— AIM OF THE TASK —
Start at the line with "Back home and" in the records below, stop at the line with "Залежно від сезонності", and return every line in that span exactly, the two end lines included.

*** EXTRACTED MATERIAL ***

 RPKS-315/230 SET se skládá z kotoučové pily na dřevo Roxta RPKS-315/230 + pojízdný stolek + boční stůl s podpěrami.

*** End of EXTRACTED MATERIAL ***
*** EXTRACTED MATERIAL ***

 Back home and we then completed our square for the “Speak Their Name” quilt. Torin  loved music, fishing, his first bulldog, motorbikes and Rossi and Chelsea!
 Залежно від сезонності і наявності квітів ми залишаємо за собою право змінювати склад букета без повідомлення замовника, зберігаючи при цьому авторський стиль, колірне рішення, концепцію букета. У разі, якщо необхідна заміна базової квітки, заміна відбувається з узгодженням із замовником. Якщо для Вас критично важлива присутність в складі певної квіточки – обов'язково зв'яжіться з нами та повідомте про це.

*** End of EXTRACTED MATERIAL ***

— RESULT OF THE EXERCISE —
 Back home and we then completed our square for the “Speak Their Name” quilt. Torin  loved music, fishing, his first bulldog, motorbikes and Rossi and Chelsea!
 Залежно від сезонності і наявності квітів ми залишаємо за собою право змінювати склад букета без повідомлення замовника, зберігаючи при цьому авторський стиль, колірне рішення, концепцію букета. У разі, якщо необхідна заміна базової квітки, заміна відбувається з узгодженням із замовником. Якщо для Вас критично важлива присутність в складі певної квіточки – обов'язково зв'яжіться з нами та повідомте про це.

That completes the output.